Dois eventos, em sua opinião, justificam o fato de a mulher burguesa ter, de maneira geral, se enquadrado ao modelo que a manteve no espaço privado e ter participado de forma bastante tímida nos eventos da Revolução. O primeiro deles é a influência dos escritos de Rousseau, principal teórico da república e cujas idéias eram seguidas como os mais respeitados ideais progressistas. Homens e mulheres aderiram de forma inconteste a seu modelo familiar: “fechado para o exterior e centrado no amor conjugal e parental” diz Badinter (1991, p. 19). A nova Heloísa (1761) e Emílio (1762), por sua vez, foram obras que influenciaram diretamente o pensamento feminino, escreve.

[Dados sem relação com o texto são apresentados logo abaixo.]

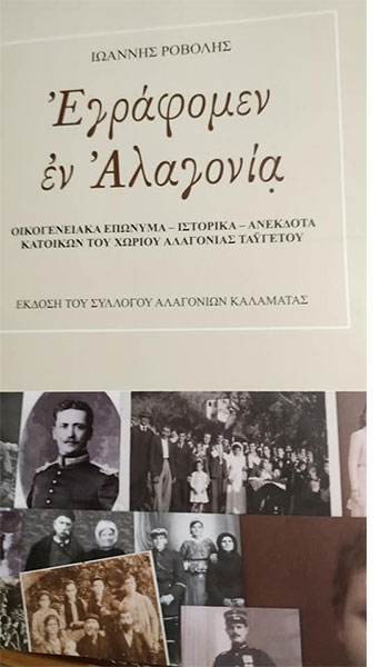 “Πολύτιμο δώρο” χαρακτήρισε η πρόεδρος του Πολιτιστικού Συλλόγου Αλαγονίας, Ελένη Λούρα το βιβλίο, που έχει τίτλο “Εγράφομεν εν Αλαγονία - Οικογενειακά Επώνυμα - Ιστορικά - Ανέκδοτα Κατοίκων του Χωριού Αλαγονίας Ταϋγέτου”, και είπε ένα “μεγάλο ευχαριστώ” προς τον μπάρμπα Γιάννη.
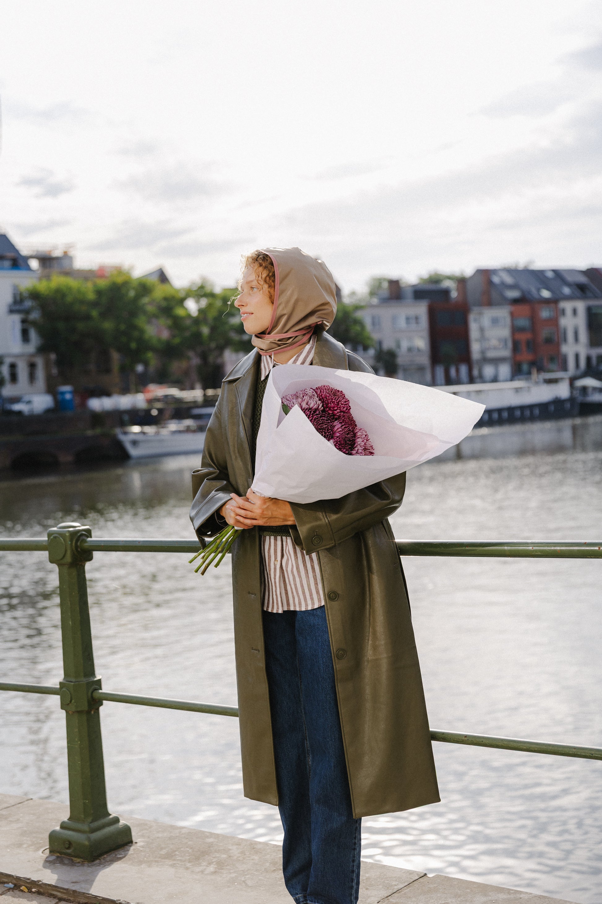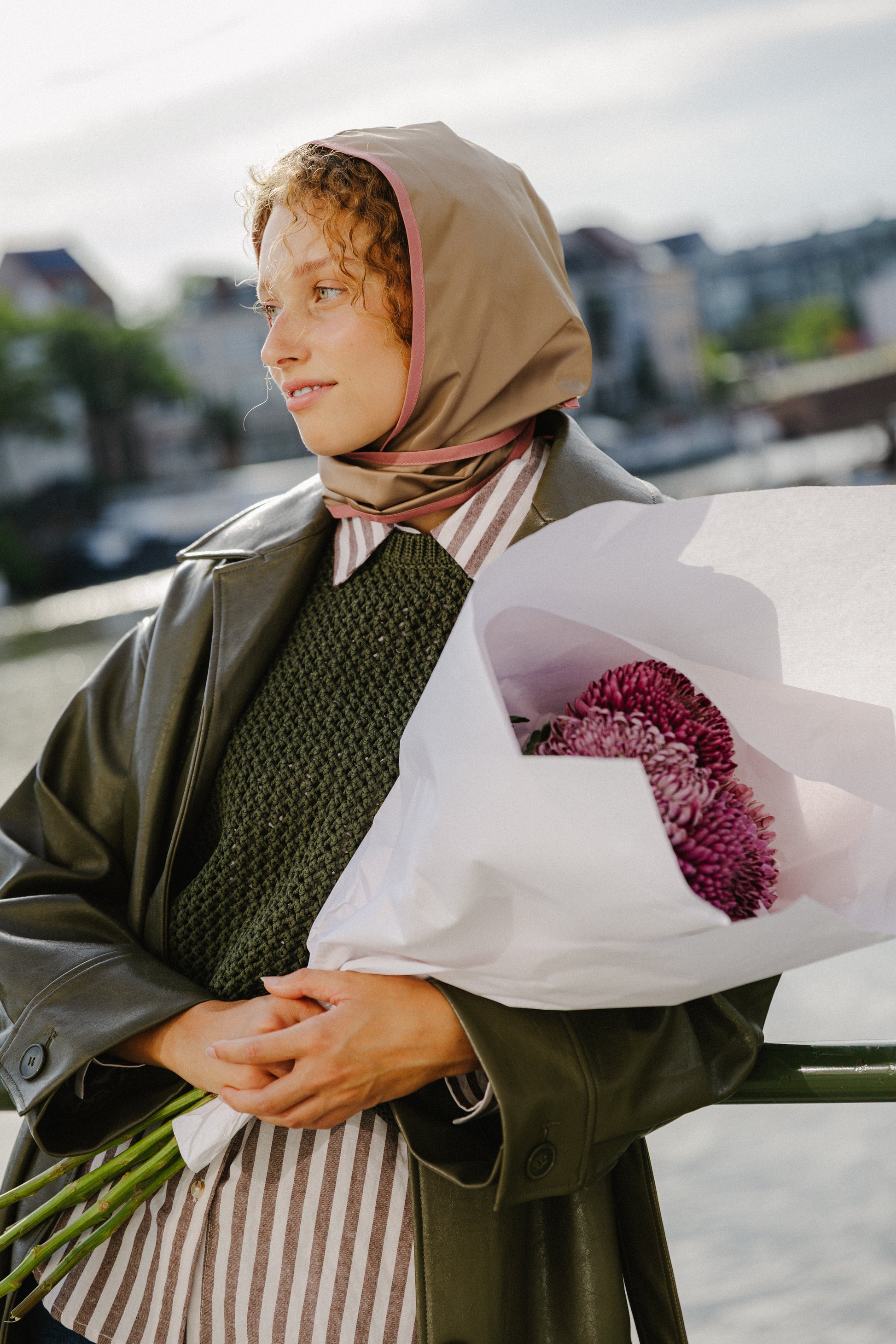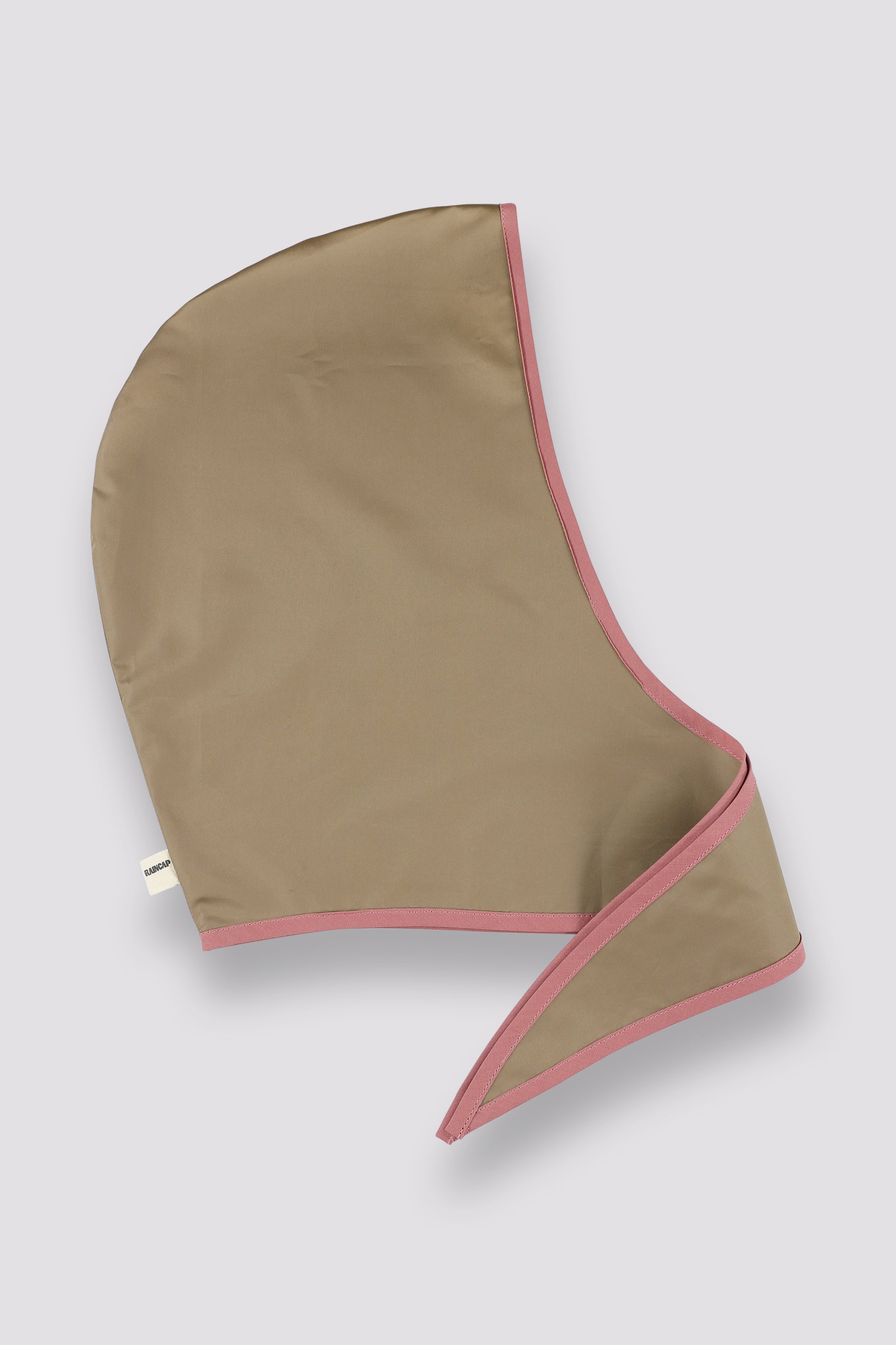 The LUCA RAINCAP is made from a soft beige Jill Sander fabric with a fresh warm pink edge.

Um segundo evento e anterior foi o reconhecimento da sociedade burguesa de que “a riqueza de uma nação depend[ia], em primeiro lugar, de uma população numerosa” (BADINTER, 1991, p. 23). Diante da necessidade de reduzir a mortalidade infantil e de

aumentar a população, as mulheres, incentivadas pelos maridos, mas também por “filantropos, médicos, padres, moralistas e pedagogos” assumem a responsabilidade pelos filhos e a função exclusiva de “esposas e mães admiráveis”. O papel de mulheres respeitáveis, esposas ternas, encerradas em seus lares, sem qualquer necessidade de instrução, é reforçado em seguida pela obra de Rousseau.

A casa, a família e a maternidade são lugares permeados pela influência capital da igreja. Conforme relata Giorgio (1991, p. 199-200), o movimento restaurador católico acolhe o modelo revolucionário francês da “mãe ‘nova’ que desenvolve e fortifica, primeiro no coração dos filhos, depois no dos homens, as virtudes sociais e individuais”, bem como o discurso científico. Este último passara a tratar a “fragilidade e sensibilidade” da mulher não apenas como aspecto corpóreo que a inferiorizava em relação ao homem, mas como aspecto positivo, que diferenciava a alma feminina. Segundo Giorgio,

Aos olhos dos católicos da Restauração a dialética entre a força e a fragilidade femininas revelada pela Revolução é um dos poucos méritos desse acontecimento. Aparece um novo sujeito social isento de paixões políticas, com sentimentos de tal modo cristãos que se torna perfeitamente exemplar.

A Itália, que no final do século XVIII não havia ainda se configurado nação, vê a igreja católica assumindo a responsabilidade pela difusão dos ideais de “esposa e mãe” e de padrões comportamentais unificados, tarefas que na França, por exemplo, foram em grande parte supridas pela literatura e pelos tradicionais manuais de comportamento que circulavam de maneira generalizada (GIORGIO, 1991, p. 201). Nesse processo, a mulher é transformada no principal sustentáculo do catolicismo.

A prática, no entanto, tem precedente. Jean Delumeau (1989, p. 320-322) discorre, por exemplo, sobre o papel desempenhado pelas ordens mendicantes (franciscanos, dominicanos, etc.) que vigoraram na Europa a partir do século XIII. É difícil mensurar a extraordinária importância adquirida por esta pregação, refere o autor, especialmente durante os movimentos de Reforma e Contra-Reforma. Seu estudo mostra, porém, que os sermões do período referem-se às mulheres como “seres predestinados ao mal” e aos homens como seres que precisam tomar providências em relação a este fato. Em resumo, cabe ao homem ocupar as mulheres com tarefas “sãs”, ou seja, varrer, lavar, peneirar, cuidar das crianças [...] As litanias, aponta o autor, também tiverem longa duração na Europa, exercendo, como os sermões, uma considerável função doutrinadora.